Friday, 2 August 2019

NEARING THE HUNDRED YEAR MARK OF PROHIBITION IN THE USA


SNIPPETS ON SPEAKEASIES OF THE USA


Ramesses III
The Sumerians (the ancient inhabitants of Mesopotamia) are said to have discovered the beer fermentation process quite by chance. They must have liked it: They had a goddess of brewing, Ninkasi, and a hymn to her, which was the beer-making recipe put to music. Their successors, the Babylonians, knew how to brew 20 different types of beer. The recipes were recorded by scribes as early as 6,000 B.C. The ancient Egyptians made note of Ramses III, the Pharaoh whose annual sacrifice of about 30,000 gallons of beer appeased ‘‘thirsty gods.’’The modern term bridal joins the words bride and ale; a bride’s ale was brewed by a young woman’s family in preparation for wedding festivities.
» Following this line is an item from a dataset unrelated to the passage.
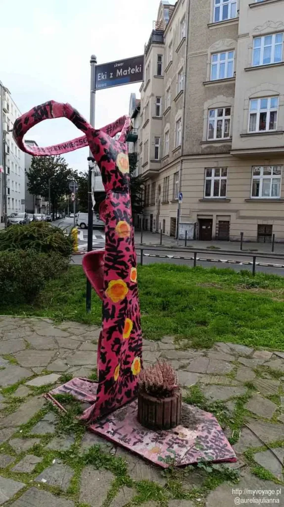 Na skwerze stanął też pomnik upamiętniający wydarzenia z Czerwca 56 – Krawatto. Pomnik z wyglądu przypomina olbrzymi różowy krawat pomalowany w motywy rośline.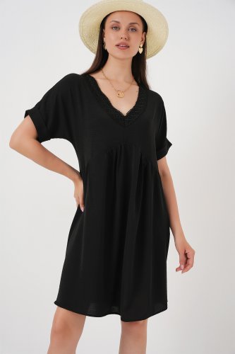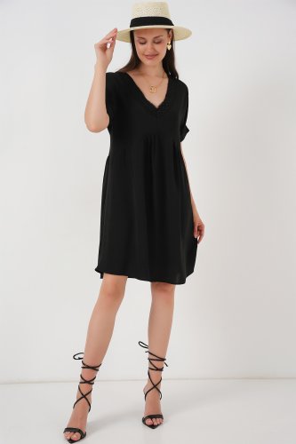 • V Yaka Kısa Kol Elbise 2567 Siyah

The significance of beer in the average person’s diet was demonstrated at the landing of the Mayflower at Plymouth, in what is now Massachusetts. The Pilgrims were headed for Virginia, but the ship was running out of beer. So they halted, went ashore and drank water that the seamen might have more beer.

Beer production and sales played colourful parts in U.S. history. The first American brewery was opened in Lower Manhattan by the Dutch West Indies Company in 1632. The crude streets of New Amsterdam (today’s New York City) were first paved to help the horse-drawn beer wagons make better progress, which were so often stuck in the mud!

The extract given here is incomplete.